Editorial: Gov’t should not kowtow to the dictates of cargo drivers


The Ghanaian Times on January 13, 2022 quoted the National Road Safety Authority (NRSA) as saying that a total of 2,924 persons died in 2021 through road crashes.

Additionally, the story continued that 15,972 road crashes were also recorded within the same period, resulting in 13,048 injuries. To help stem the tide, the NRSA promised to strictly enforce its directives to all intercity bus operators that travel more than 500 kilometres or more than eight hours to engage two drivers.

The Chronicle is unable to tell whether NRSA has fulfilled its promise. We can, however, state that the fatalities on our roads are very frightening and something ought to be done about it.

Though the figures for this year (2022) are not yet known, since the year has not come to an end, we believe it will be nothing to write home about, because our attitudes on the roads have not changed.

Whilst our poor road networks and single lane roads, instead of dual carriage ways linking our regional capitals, are major contributory factors to the problem, over loading is another major challenge which we tend to overlook.

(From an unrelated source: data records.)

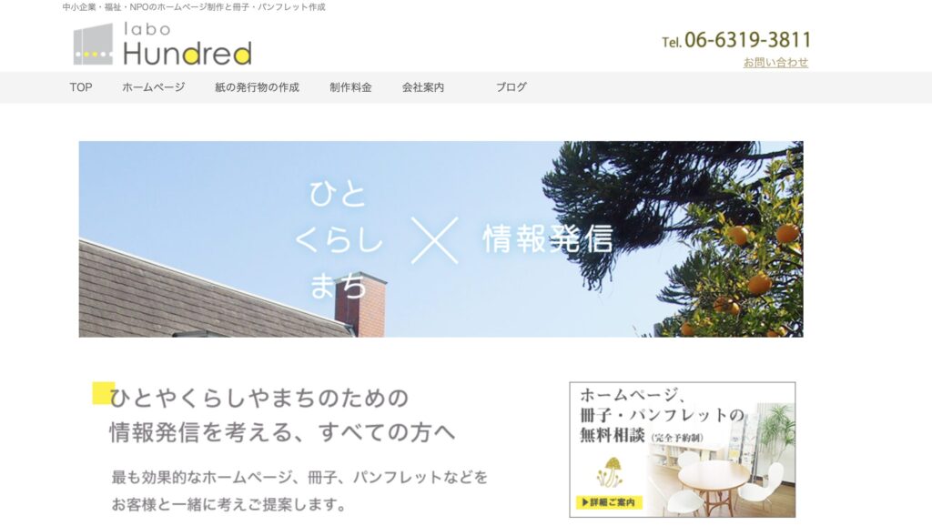 | 料金相場 | コーポレートサイト(8ページ+ブログ+メールフォーム):55万円~ |
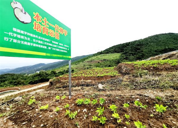 “过去茅草满坡成荒原,莫人照管一亩三分田;如今好政策来加巧干,粮食产量翻又翻,瓜果蔬菜香满园……”6月19日一早,大石镇前哨村柳树坪魔芋基地里,10组村民胥金山边在地里忙活边哼起自编山歌。
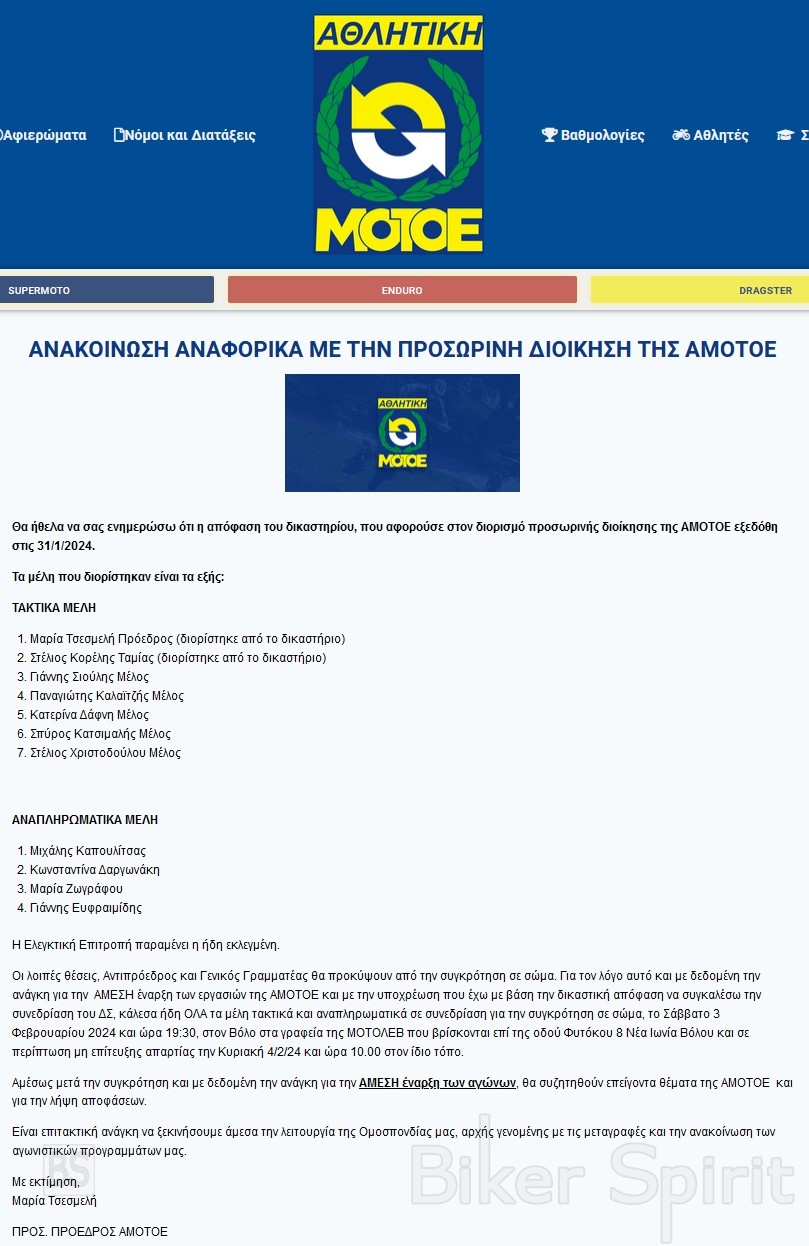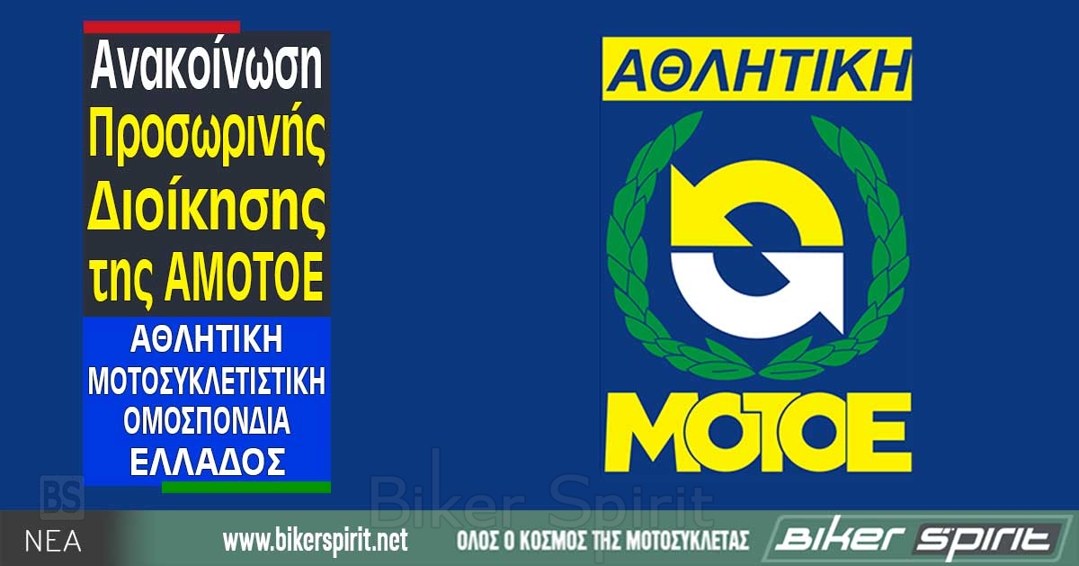 Μετά την έκπτωση του Διοικητικού Συμβουλίου της ΑΜΟΤΟΕ ΑΘΛΗΤΙΚΗ ΜΟΤΟΣΥΚΛΕΤΙΣΤΙΚΗ ΟΜΟΣΠΟΝΔΙΑ ΕΛΛΑΔΟΣ» που αποφάσισε η Γενική Γραμματεία Αθλητισμού στις 13 Δεκεμβρίου 2023, το δικαστήριο διόρισε προσωρινής διοίκησης της ΑΜΟΤΟΕ όπως ράφει η ανακοίνωση της προσορινής Προέδρου της ΑΜΟΤΟΕ.

It is common knowledge that vehicles that transport foodstuffs from the hinterland to the urban centres overload their vehicles. The same applies, especially to the charcoal transporters, who overload their vehicles, making it very difficult for oncoming traffic to even see ahead.

But despite the danger they pose to other road users, these drivers are still pleading with the government to allow them to overload their trucks, since that is the only way they can break even.

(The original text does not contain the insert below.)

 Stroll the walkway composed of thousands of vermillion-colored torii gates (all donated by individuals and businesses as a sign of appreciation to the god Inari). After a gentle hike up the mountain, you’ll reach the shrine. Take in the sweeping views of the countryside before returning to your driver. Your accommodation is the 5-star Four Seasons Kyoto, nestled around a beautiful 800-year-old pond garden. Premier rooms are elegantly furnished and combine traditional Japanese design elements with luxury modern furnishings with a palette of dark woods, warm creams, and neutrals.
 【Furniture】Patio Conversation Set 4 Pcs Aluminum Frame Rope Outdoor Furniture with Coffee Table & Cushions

Addressing a news conference in Accra recently, the Chairman of the Achimota Cargo Station, Abdallah Mohammed, threatened that they would park their cargo trucks if they are not allowed to either overload the vehicles or increase freight charges.

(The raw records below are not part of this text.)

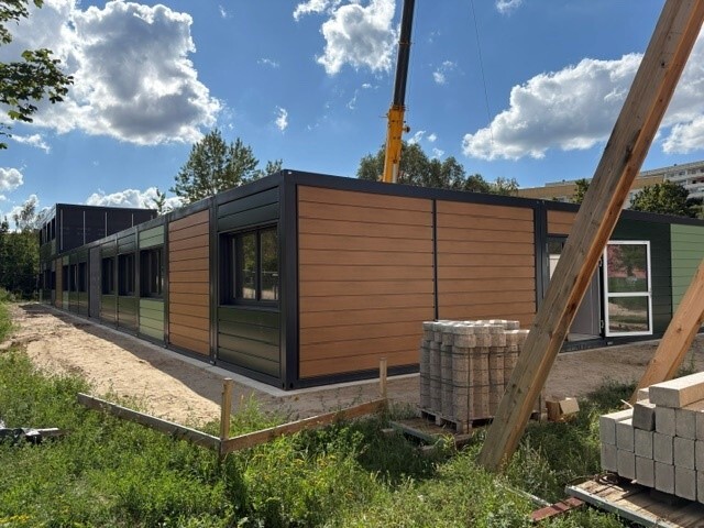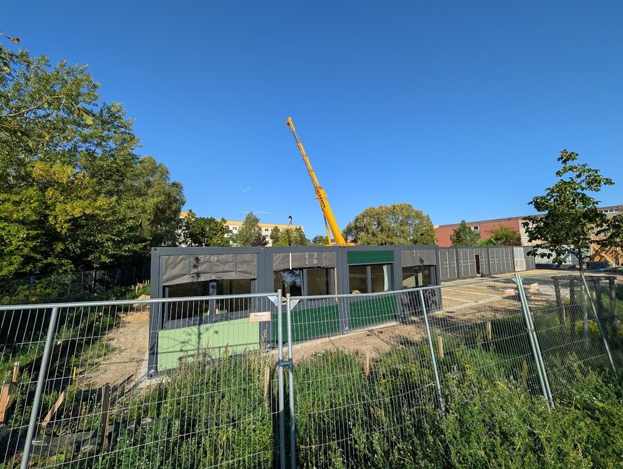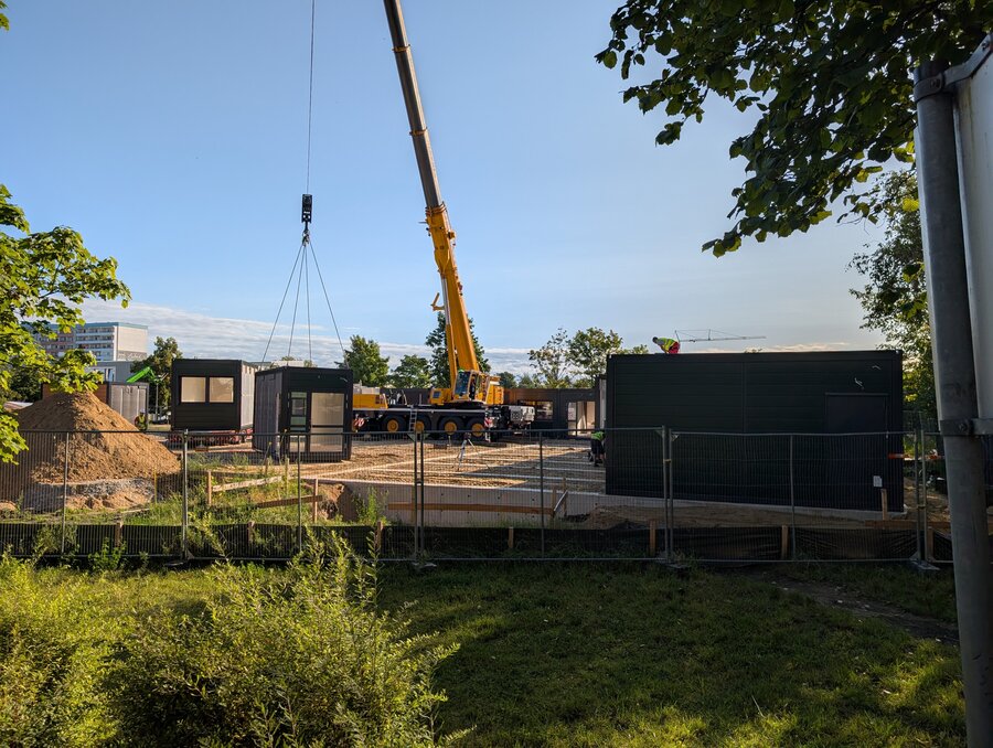 Im September war es soweit: Die Module für den Erweiterungsbau wurden angeliefert. Mit Unterstützung eines großen Krans setzte ein Team die einzelnen Container Stück für Stück auf das vorbereitete Fundament. Insgesamt wurden 110 Module geliefert und montiert – da auf einen LKW immer 2 Container passen, waren 55 LKW-Fahrten erforderlich. Übrigens: Alle Container wurden in Deutschland gefertigt.
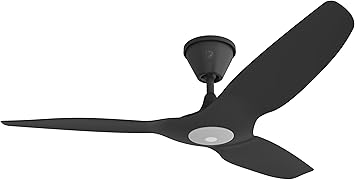 This is a premium marine/coastal‑grade fan. The blades are made of high‑performance material that resists salt air and corrosion, and the mounting and motor housing are sealed and coated to withstand ocean‑front conditions. It includes a dimmable LED light (2700 K), a matte white finish, and smart controls. Because of its quality, this fan is quieter than many lower‑end models, and it maintains performance in harsh weather with minimal maintenance. If you live near the sea, in high humidity, or want a very durable high‑end aesthetic, this model is ideal.
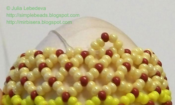 Сначала будем оплетать верхнюю часть яйца, а уже потом - нижнюю. Прежде всего, расширяем сетчатое полотно вверх, добавляя между коричневыми бисеринками дополнительные отрезки бисеринок, состоящие из 2 жёлтых, 1 коричневой и ещё 2 жёлтых бисеринок. Схема плетения следующая:
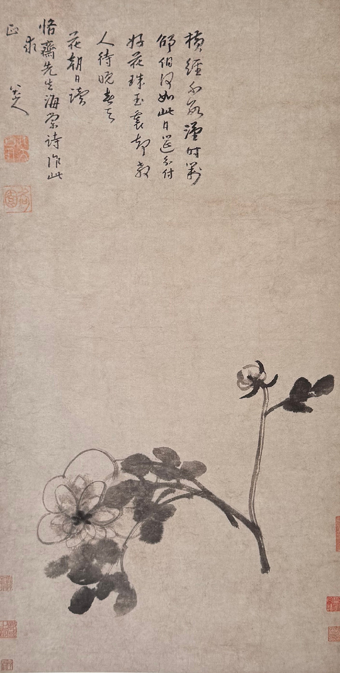 《芍药图》乃清初画僧八大山人之作。画中芍药仅一花、一苞与数枚叶片,笔墨简练至极。芍药花苞尚小,挺立向上延伸;盛放的硕大花朵横斜向下,花叶堆叠交织,构图富于变化。芍药花瓣圆润饱满,花心处以淡墨晕染。虽是盛放之花,却别具一种清寂的禅意。画上另有题画诗一首,意涵丰富。诗文、书法与画作相得益彰,尽显八大山人笔墨疏简但神清气足的艺术风格。

Much as The Chronicle sympathises with these drivers, especially with the hike in fuel prices, we completely disagree that they should be allowed to overload.

Obviously, they are looking at how to make profits without thinking about their own safety and the safety of other road users. This is unfortunate and we do not think the Ministry of Transport will kowtow to their demands.

In our opinion, these drivers should rather negotiate with the government for the upward adjustment of the prices they are currently charging, instead of the threat to park their vehicles if they are not allowed to overload.

The police, we advise, should continuously keep these truck drivers in check by arresting and prosecuting them for overloading their vehicles.

Under no circumstance should their commercial interest supersede the right of individuals to live as human beings.

As we have already indicated, the right to live had already been taken away from 2,924 Ghanaians who died through road crashes last year alone. Accepting the demands of these drivers will amount to giving them license to kill on our roads. Let those who have ears listen to us.